A recent national television report asserted that road-rage incidents are becoming more common and more deadly, with the latest incident taking place in Pennsylvania, in which a man is alleged to have shot and killed a teenage girl during a traffic merge. Click to watch level-headed advice from your Independent Program Attorney about what to do—and what not to do—in these situations.

Transcript:

Hi, my name is Ed Riley, and I’m a U.S. Law Shield independent program attorney for Virginia.

Members will often ask us how to deal with a road-rage situation. In Virginia, what is referenced as road rage is called aggressive driving in the Statute under VA 46.2–868.1. And the specific point of that is behavior that harasses, intimidates, or someway injures another driver.

If you find yourself a victim of an aggressive driver or road-rage situation, our primary advice is to not engage! To find a safe way to get yourself out of that situation.
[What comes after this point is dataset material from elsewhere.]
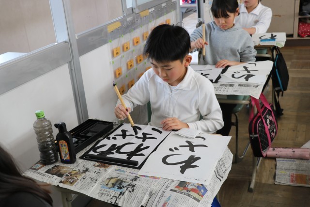 「わざ」を清書しました。みんな真剣で、黙々と取り組むことができました。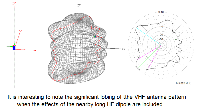 HF SATCOM User Antenna: It is important to note that an HF satellite operates with a much improved link budget (20 dB) because of the lower frqeuency than UHF (though a lot of that gain is lost in the presence of the higher noise floor on HF freuqncies). But with that link advantage and with the larger size of the antennas (dipoles or verticals) the typical user station and spacecraft use omnidirectional antennas. This means there is no requirment for tracking antennas. If the satelilte is in view, it should provide relay service. The most practical HF user antenna is a vertical OMNI (no moving parts to wear out or require rotators) and it has good gain from the horizon upward in all directions.

If you can’t disengage, or the driver that’s exhibiting the road-rage or aggressive driving behaviors will not leave you alone, then it may be necessary for you to make a call to the police through 9-1-1 or a nonemergency number.

Firearm owners will often ask us, in this type of situation, ‘Can I use my gun to scare the individual off that’s exhibiting the road rage or aggressive driving behavior?’ And the short answer is no. No, you can’t. Because that would be brandishing a firearm.
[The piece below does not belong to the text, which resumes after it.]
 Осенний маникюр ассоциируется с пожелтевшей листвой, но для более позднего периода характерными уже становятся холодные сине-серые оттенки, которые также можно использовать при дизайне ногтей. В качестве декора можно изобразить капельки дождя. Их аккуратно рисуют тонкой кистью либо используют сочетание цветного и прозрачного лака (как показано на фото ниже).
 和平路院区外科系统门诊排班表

To use a firearm in Virginia, to defend yourself, you have to be in fear of imminent bodily injury or death, so it has to be harm to yourself at that point. Typically, a road-rage or aggressive driving situation, is not going to have enough intimidation or fear to warrant serious bodily injury or death.
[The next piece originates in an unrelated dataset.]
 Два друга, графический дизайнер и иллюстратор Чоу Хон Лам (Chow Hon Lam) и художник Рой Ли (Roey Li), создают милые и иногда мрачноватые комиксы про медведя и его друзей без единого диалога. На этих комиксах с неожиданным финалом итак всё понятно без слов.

We discuss the use of your firearm in justifiable or excusable self-defense in more detail in other U.S. Law Shield videos and in our recently published book “Virginia Gun Law Armed and Educated.”

One comment on “As Temperatures Go Up in Virginia, So Does Road Rage

  • Ted Karch says:

    I ride a motorcycle and was involved in a Road Rage incident. The driver of the car repeatedly tried to run me off the road. Wouldn’t that qualify as “being in fear for my life”? Instead I had to evade him at extreme speeds and put my sell in danger from riding too fast.